Being a travel writer and hack for the magazines gives Dax the perfect cover. He can venture everywhere for his bosses, wherever they like. He might follow the course of a river because he is pondering a book on rivers; he might want to visit islands, because he had decided islands are his chosen subject; and he might go to places which are painfully obvious — the places only the rubes and the tourists go — because he has decided to take a skewed, off-the-wall slant on the kinds of places anyone would visit.
An excuse could always be found or fabricated or taken too far. All this is true enough to life; it’s just as many real journalists were used as intelligence gatherers, operatives, during the last Cold War. (And as we must assume many who burlesque as travel bloggers and freelance reporters are in fact state assets in our own day and age — if we are inclined to the paranoiac.)
This is a very paranoid book.
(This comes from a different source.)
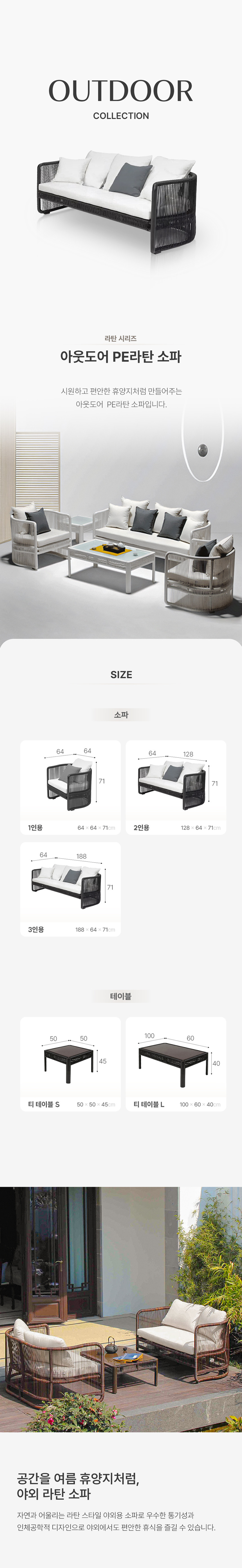 모던 야외 방수소파 카페 테라스 정원 등나무 라탄 소파 LZS-142

Not simply because the nature of espionage, as all writers of spy novels and films like to tell us, is mostly about deceit and double-dealing, living secret lives, keeping two sets of books and hoping never to be caught in the fraud. But also because Dax himself, as he stumbles about the world being lied to by commission and omission, seems to trip over the feet of a conspiracy in every country he visits.
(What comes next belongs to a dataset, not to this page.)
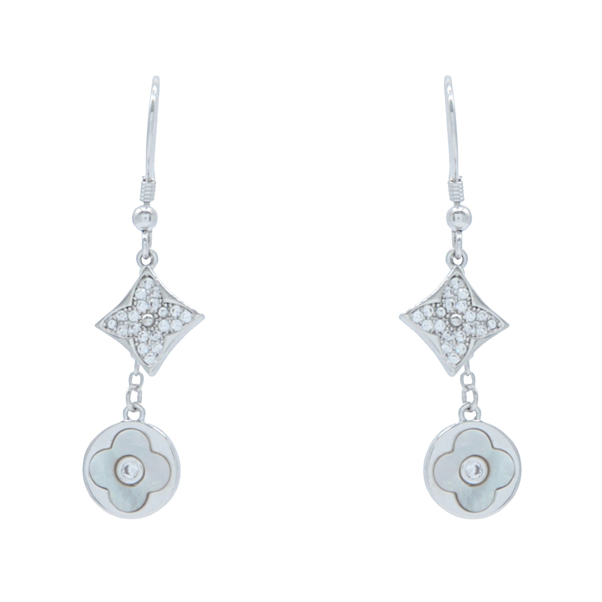 Accent your beautiful style when you wear our "Intricate Luxury" earrings. Boasting stunning mother of pearl and sparkling clear Swarovski crystal in a geometric drop design, these exquisite, handmade fashion accessories are a must to add to your collection! Sterling silver hooks. Nickel and lead free jewellery.

It would make any man jaded. No wonder, then, that Dax relies so heavily upon his analyst, Dr Katerina Haas, to parse his strange world.
Some points of technique, if I may. I really like the sections, in this book and its predecessor, where Dax is interviewed by his analyst. They are my favourite parts of the books, and I always perked up — visibly perked up where I stood or sat — when they were about the begin. Haas is a fantastic character and Dax’s exterior monologue, when taking to her, is somehow better, fuller, richer, more convincing, often, than the interior monologue he is provided by the narrator of the novel, when the narrator decides to share Dax’s thoughts.
This is a book about real and false selves, about masks and men and women. It is quite neat to wonder whether Dax is his true self or a brushed-up, better self when he visits and analyst and, to the reader’s knowledge, does his level best to tell her everything. (Inevitable, vast security breach though this most obviously is.)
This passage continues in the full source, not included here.